The probability of grade-up transformations, which involves progression in a Gleason score ≤ 6 to high-grade disease, should also be considered30. Molecular data suggest that genomic instability, which causes tumor progression, precedes the detection of histologically visible changes, and the potential risk of metastasis or mortality from prostate cancer with a Gleason score of 6 should be considered30. In a cohort of extensive AS studies, up to 33% of patients with Gleason scores of 6 required therapeutic intervention, primarily owing to upgrading2,31. Tosoian et al. examined a prospective AS cohort of 1,818 patients at a single institution using multiparametric MRI and ultra-sound fusion-targeted biopsy and found that the risk of cancer death or metastasis was < 1% over a long-term follow-up period31. Moreover, recent advanced technologies, such as prostate-specific membrane antigen positron emission tomography imaging, can alter AS conditions.

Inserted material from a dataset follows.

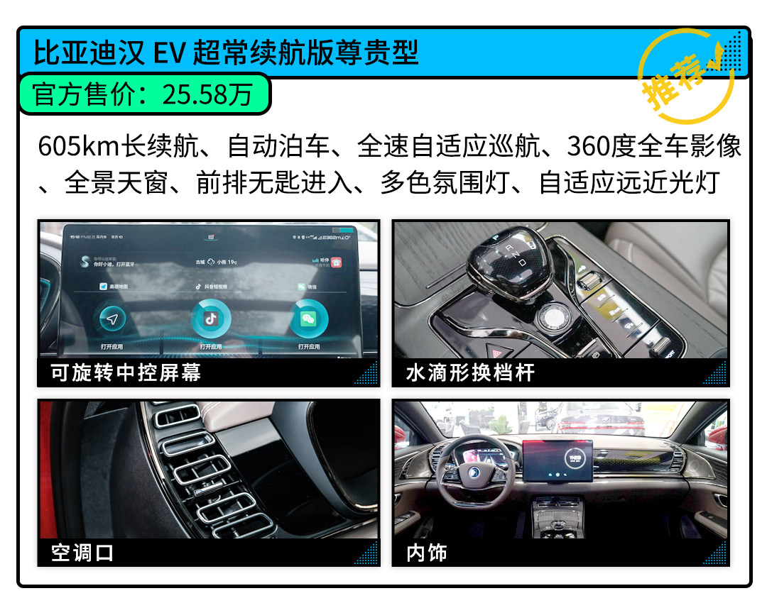如果前两款车觉得空间太小、不够大气,那不妨考虑一下这款轿比亚迪汉EV。作为中国第一个以历代王朝命名的汽车品牌比亚迪,在今年7月份又推出了新款新能源汽车——比亚迪汉。其中三款为纯电动版(比亚迪汉EV),售价在22.98-27.95万元。

Conversely, low-risk patients with a Gleason score ≤ 6 may be good candidates for AS. Based on a Japanese national survey, approximately 90% of urologists proposed AS for low-risk disease32, and the number of AS cases has increased over the past decades in Japan. However, not all physicians (urologists) recommend AS, even for low-risk patients. In addition, some patients request treatment even if they have a Gleason score ≤ 6 because they fear disease progression, especially younger patients. Kato et al. conducted a national questionnaire survey of Japanese urologists (involving 922 urologists at Japanese Urological Association Teaching Base Hospitals) regarding AS for patients with low- and intermediate-risk prostate cancer32 and reported that 90.5%, 90%, 39.5%, 48.7%, 15%, and 22% urologists proposed AS for patients in low-risk/no comorbidity, low-risk/with comorbidity, intermediate-risk 3 + 4/no comorbidity, intermediate-risk 3 + 4/with comorbidity, intermediate-risk 4 + 3/no comorbidity, and intermediate-risk 4 + 3/with comorbidity groups, respectively. Therefore, approximately 40% of these urologists proposed AS for intermediate-risk cases.

This study had some limitations. First, it was a retrospective and multi-institutional study with substantial heterogeneity, therefore, further validation is required to confirm our results, including patients with no radiotherapy and/or a population from Western countries, preferably in a prospective fashion. Additionally, different biopsy methods were used, ranging from random to 12-core biopsy, as well as recent multiparametric MRI-fused biopsy methods at several institutions. Moreover, data are limited concerning the core number of positive cases in public databases. Additionally, there is a lack of consensus concerning grading among pathologists owing to the absence of a central pathological review system, which has resulted in different follow-up protocols and treatment modalities. Therefore, to obtain more accurate results, studies with a relatively longer follow-up period with a larger patient cohort are required. Despite these limitations, to our knowledge, this is the first and largest comprehensive study to analyze the usefulness of Gleason scores ≤ 6 compared with Gleason scores ≥ 7 in terms of modern radiotherapy outcomes in patient with high-risk prostate cancer.

Conclusions

The HRLG group exhibited better outcomes than the HRHG group. Patients classified into a high-risk group with a Gleason score ≤ 6 have the potential to be classified into a lower-risk group.